What is being asked: Could you repeat exactly the lines from the one containing "巴萨本轮欧冠大名单:特狮列席&莱万、德容轮休,多名小将中选" through the last line of the records, with no pictures?

Collected data:
*** Block opens ***
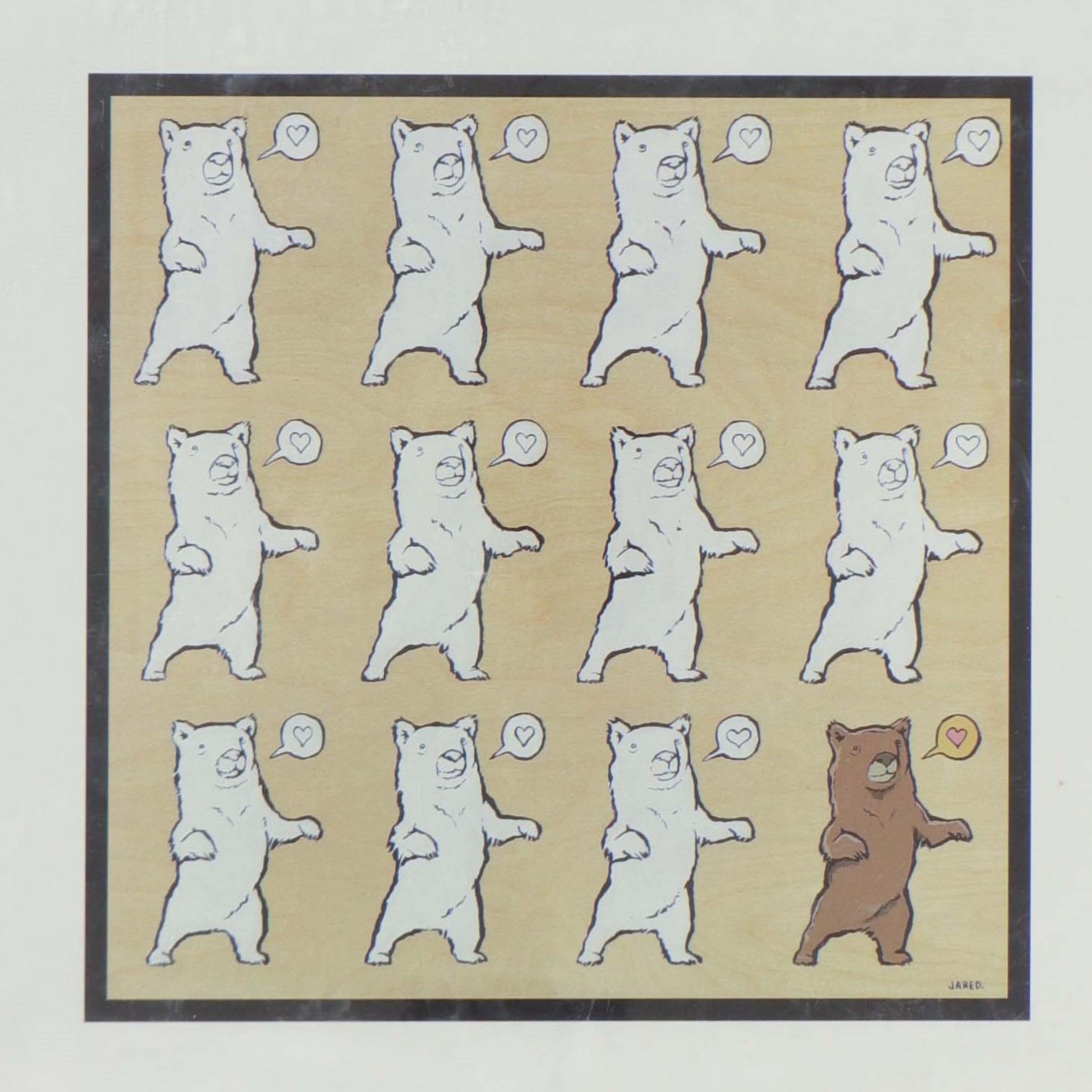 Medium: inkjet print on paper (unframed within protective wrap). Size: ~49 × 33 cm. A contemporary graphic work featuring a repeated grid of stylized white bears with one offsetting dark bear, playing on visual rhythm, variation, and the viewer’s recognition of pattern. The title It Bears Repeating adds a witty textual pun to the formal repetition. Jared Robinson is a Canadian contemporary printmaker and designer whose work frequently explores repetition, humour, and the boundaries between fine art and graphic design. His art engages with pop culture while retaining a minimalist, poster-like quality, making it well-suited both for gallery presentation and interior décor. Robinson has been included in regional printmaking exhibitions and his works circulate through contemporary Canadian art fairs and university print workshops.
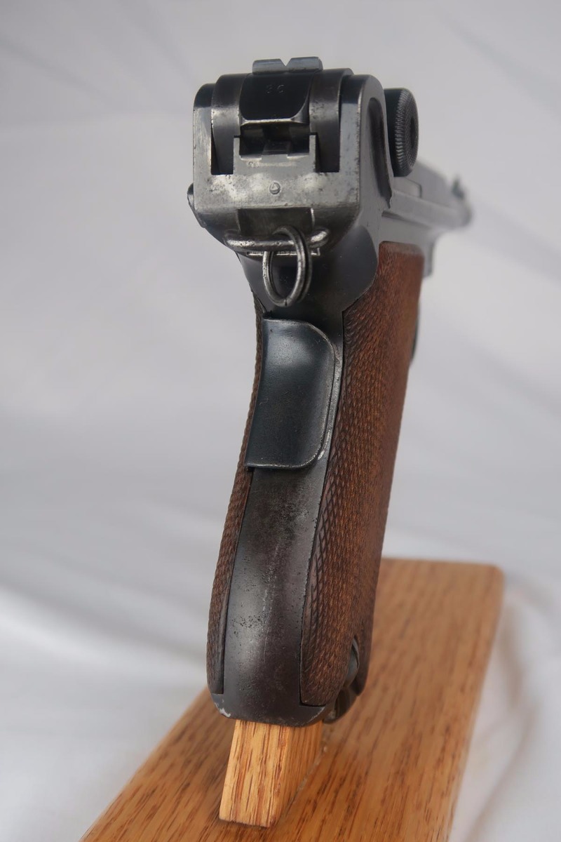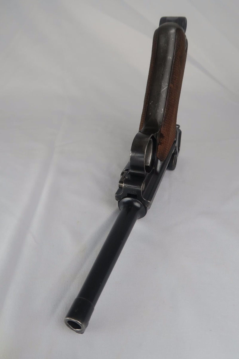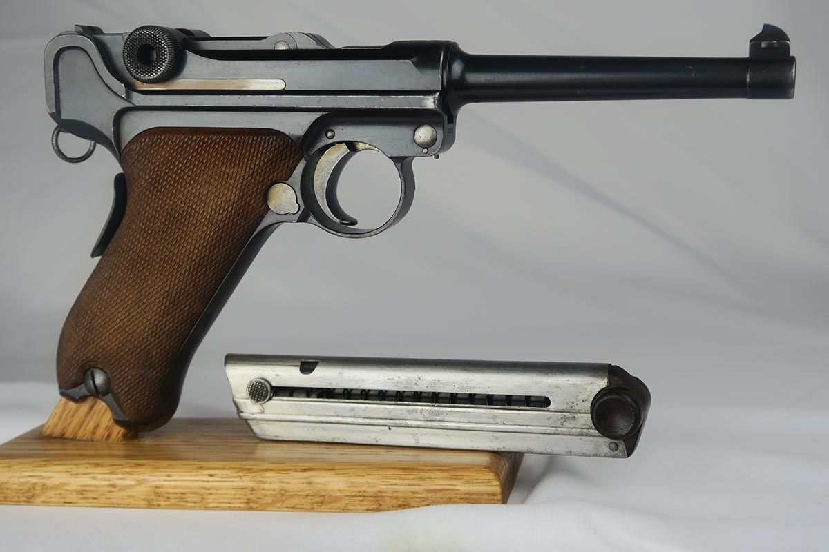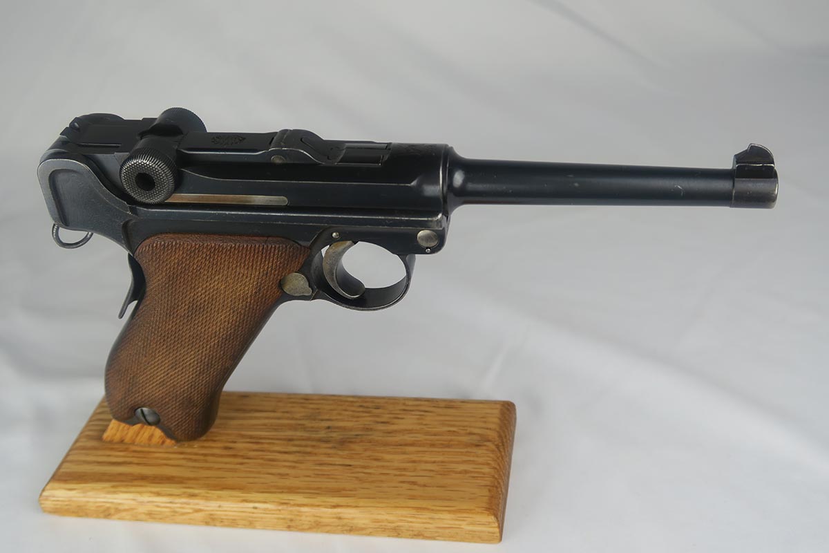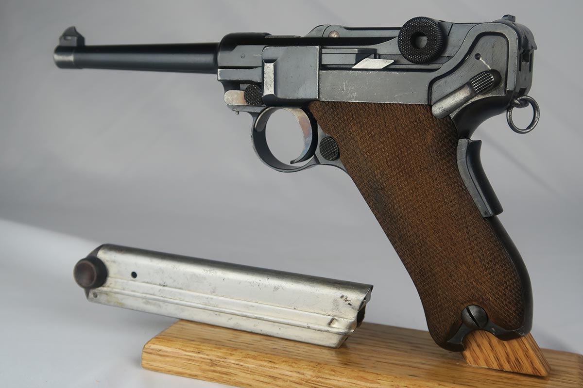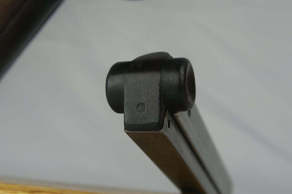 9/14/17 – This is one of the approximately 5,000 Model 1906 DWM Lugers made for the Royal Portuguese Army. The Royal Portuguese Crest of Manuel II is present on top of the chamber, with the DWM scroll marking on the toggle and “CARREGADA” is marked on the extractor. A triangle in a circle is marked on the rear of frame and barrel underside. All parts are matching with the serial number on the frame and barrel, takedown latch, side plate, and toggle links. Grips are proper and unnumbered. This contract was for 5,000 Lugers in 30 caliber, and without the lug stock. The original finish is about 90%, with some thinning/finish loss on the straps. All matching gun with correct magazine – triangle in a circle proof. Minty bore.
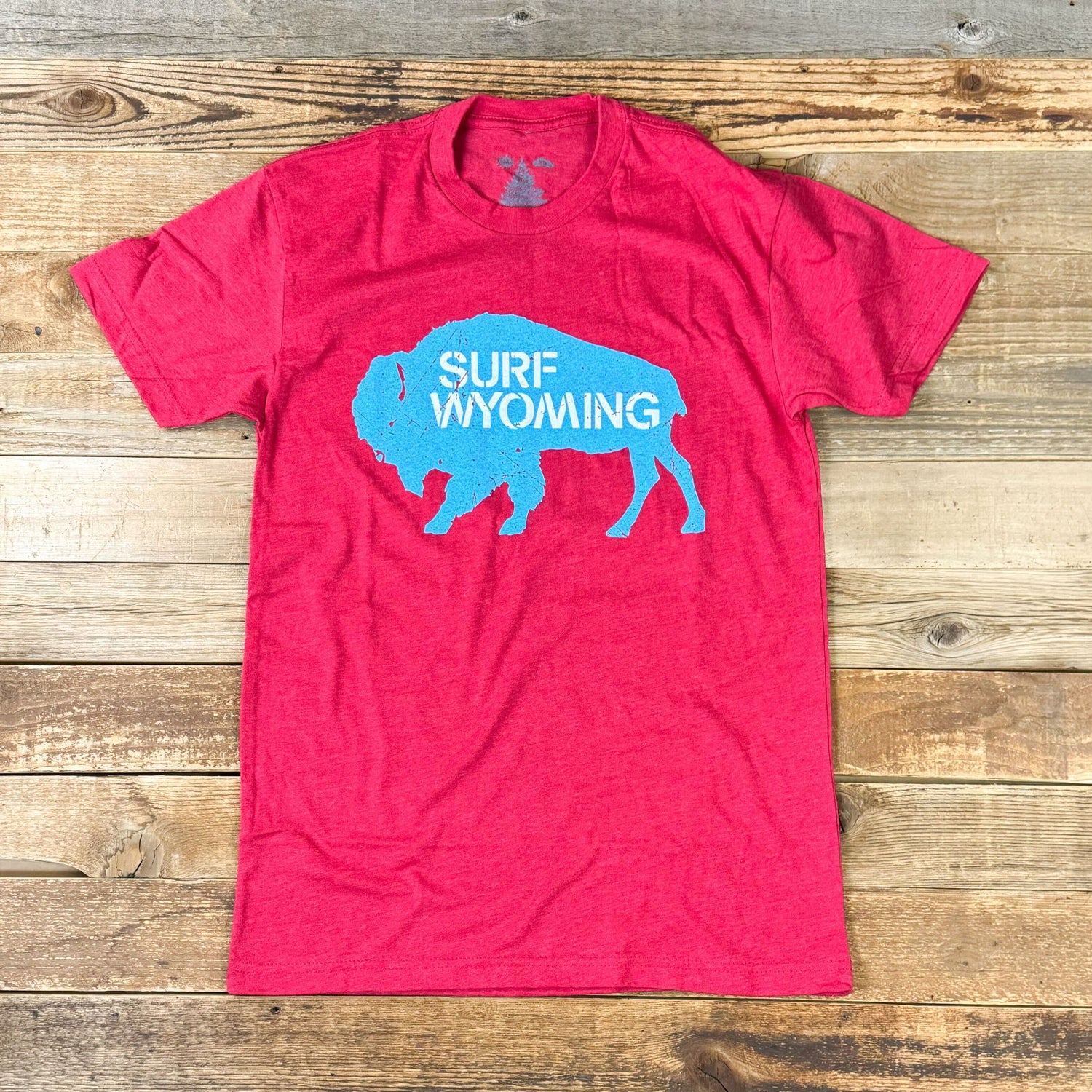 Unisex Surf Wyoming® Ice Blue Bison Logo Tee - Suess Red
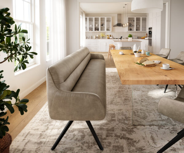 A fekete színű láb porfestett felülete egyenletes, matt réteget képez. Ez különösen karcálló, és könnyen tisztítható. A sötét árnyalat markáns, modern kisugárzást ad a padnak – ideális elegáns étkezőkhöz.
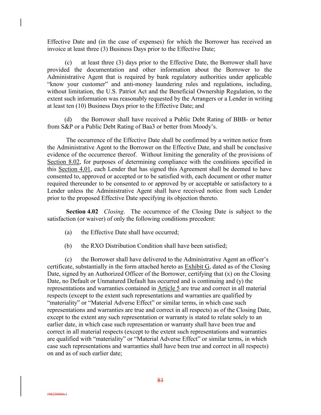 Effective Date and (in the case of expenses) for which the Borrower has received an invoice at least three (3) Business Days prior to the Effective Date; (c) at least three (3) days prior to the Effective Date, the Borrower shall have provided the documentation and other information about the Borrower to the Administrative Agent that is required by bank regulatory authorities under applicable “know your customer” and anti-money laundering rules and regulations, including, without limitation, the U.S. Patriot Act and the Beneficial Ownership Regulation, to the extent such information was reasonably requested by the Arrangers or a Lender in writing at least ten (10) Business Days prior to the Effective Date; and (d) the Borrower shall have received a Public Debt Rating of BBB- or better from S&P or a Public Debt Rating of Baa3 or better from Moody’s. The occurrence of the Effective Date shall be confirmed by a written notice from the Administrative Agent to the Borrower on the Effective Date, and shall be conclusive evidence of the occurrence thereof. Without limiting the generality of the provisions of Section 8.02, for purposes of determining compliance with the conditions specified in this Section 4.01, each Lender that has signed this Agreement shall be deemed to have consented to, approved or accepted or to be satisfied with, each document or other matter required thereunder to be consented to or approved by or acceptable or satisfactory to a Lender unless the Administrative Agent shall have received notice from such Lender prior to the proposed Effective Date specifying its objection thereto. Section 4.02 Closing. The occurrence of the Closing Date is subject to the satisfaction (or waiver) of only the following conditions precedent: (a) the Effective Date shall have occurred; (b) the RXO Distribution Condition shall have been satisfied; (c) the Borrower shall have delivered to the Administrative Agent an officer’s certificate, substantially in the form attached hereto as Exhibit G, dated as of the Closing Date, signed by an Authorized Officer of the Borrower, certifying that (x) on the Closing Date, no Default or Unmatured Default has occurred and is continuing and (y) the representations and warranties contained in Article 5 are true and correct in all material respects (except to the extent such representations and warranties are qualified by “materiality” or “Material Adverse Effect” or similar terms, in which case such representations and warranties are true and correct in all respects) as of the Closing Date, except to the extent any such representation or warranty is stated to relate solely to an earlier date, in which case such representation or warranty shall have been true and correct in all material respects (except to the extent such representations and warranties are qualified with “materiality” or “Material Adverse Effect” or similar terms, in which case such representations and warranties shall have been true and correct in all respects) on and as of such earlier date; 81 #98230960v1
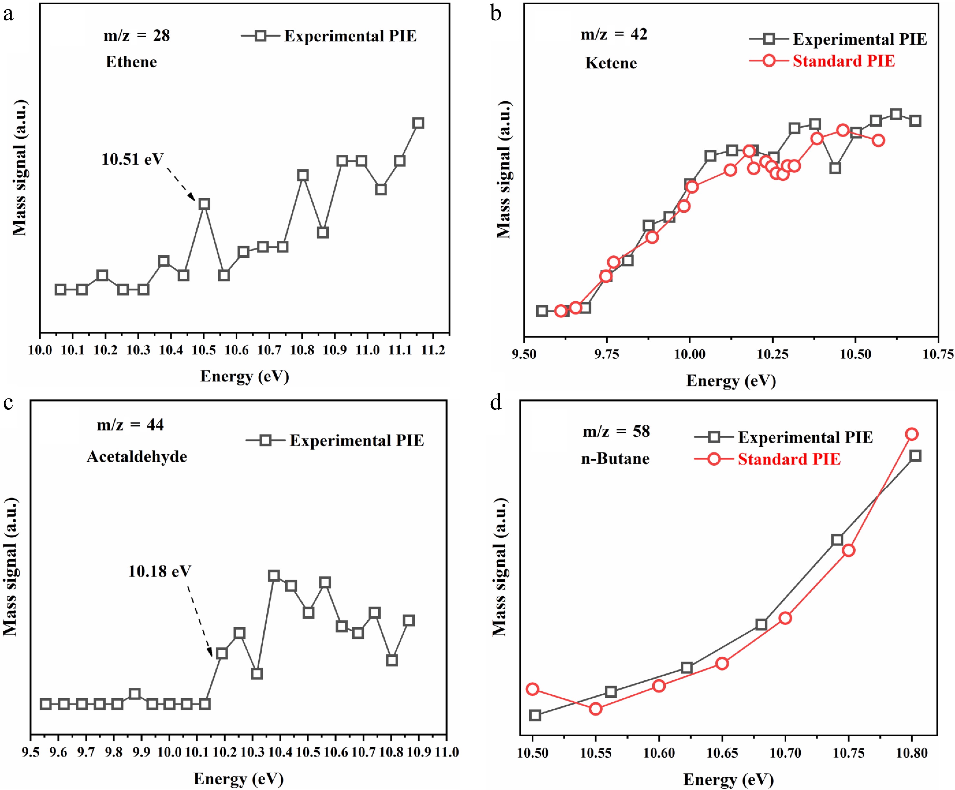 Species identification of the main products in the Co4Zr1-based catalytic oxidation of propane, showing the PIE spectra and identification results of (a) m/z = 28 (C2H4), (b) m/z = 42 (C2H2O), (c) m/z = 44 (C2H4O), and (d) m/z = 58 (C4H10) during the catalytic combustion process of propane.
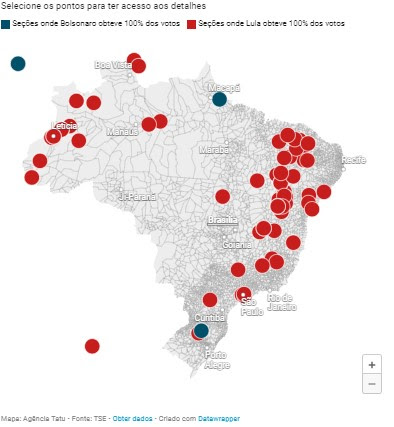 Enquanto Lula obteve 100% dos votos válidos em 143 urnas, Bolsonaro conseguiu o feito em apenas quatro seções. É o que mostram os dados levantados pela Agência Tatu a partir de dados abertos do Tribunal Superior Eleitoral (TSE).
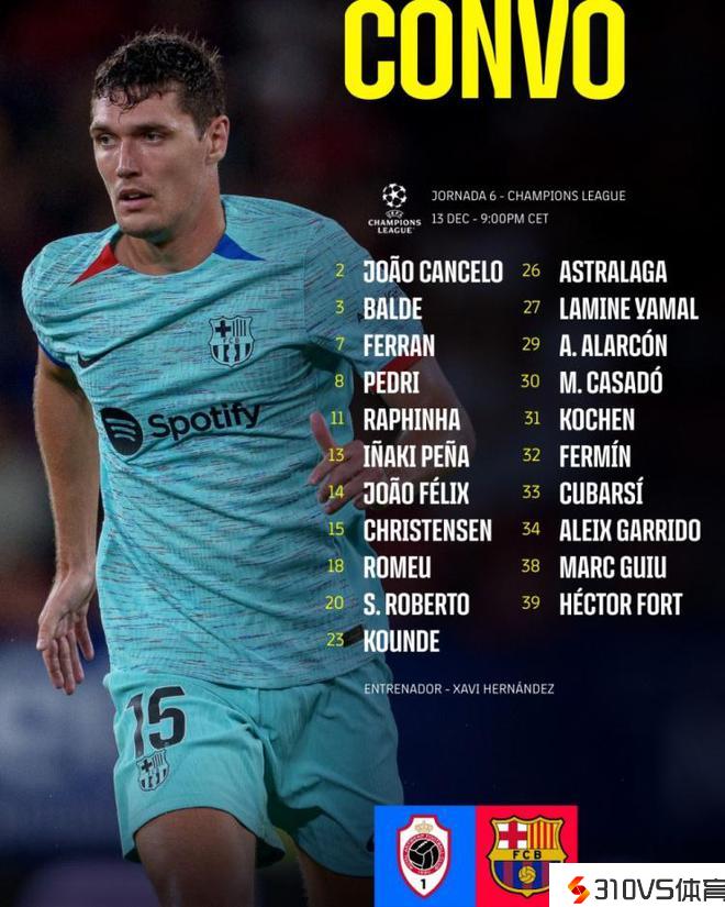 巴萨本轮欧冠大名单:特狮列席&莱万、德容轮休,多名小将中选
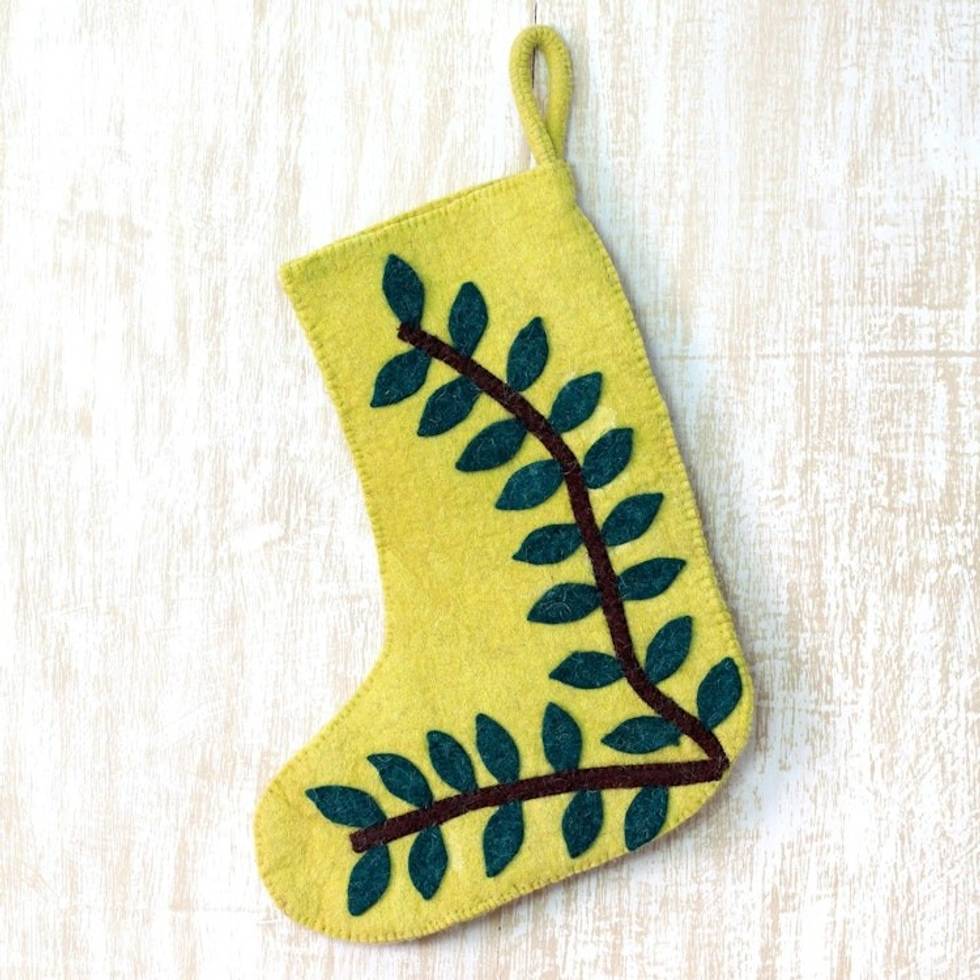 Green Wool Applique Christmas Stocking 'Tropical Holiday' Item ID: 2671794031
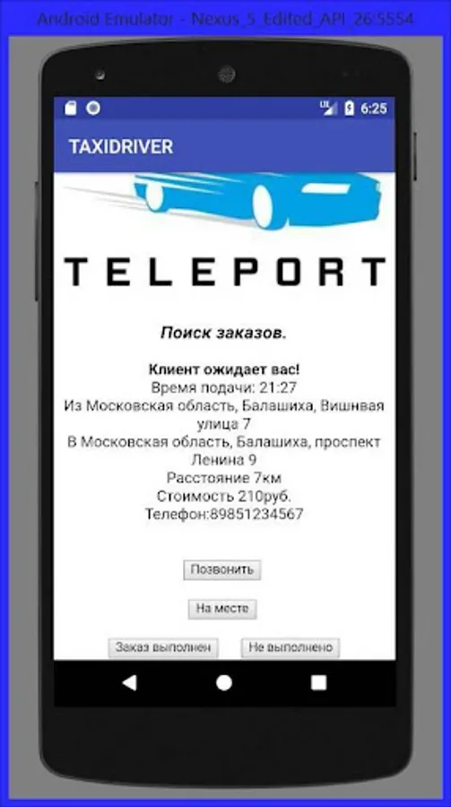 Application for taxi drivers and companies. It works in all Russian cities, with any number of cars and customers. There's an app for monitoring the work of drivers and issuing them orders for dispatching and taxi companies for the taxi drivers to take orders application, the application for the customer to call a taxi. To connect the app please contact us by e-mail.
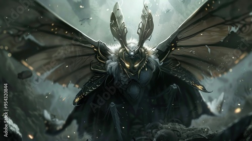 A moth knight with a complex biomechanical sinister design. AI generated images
*** Block closes ***
Solution to the exercise:
 巴萨本轮欧冠大名单:特狮列席&莱万、德容轮休,多名小将中选
 Green Wool Applique Christmas Stocking 'Tropical Holiday' Item ID: 2671794031
 Application for taxi drivers and companies. It works in all Russian cities, with any number of cars and customers. There's an app for monitoring the work of drivers and issuing them orders for dispatching and taxi companies for the taxi drivers to take orders application, the application for the customer to call a taxi. To connect the app please contact us by e-mail.
 A moth knight with a complex biomechanical sinister design. AI generated images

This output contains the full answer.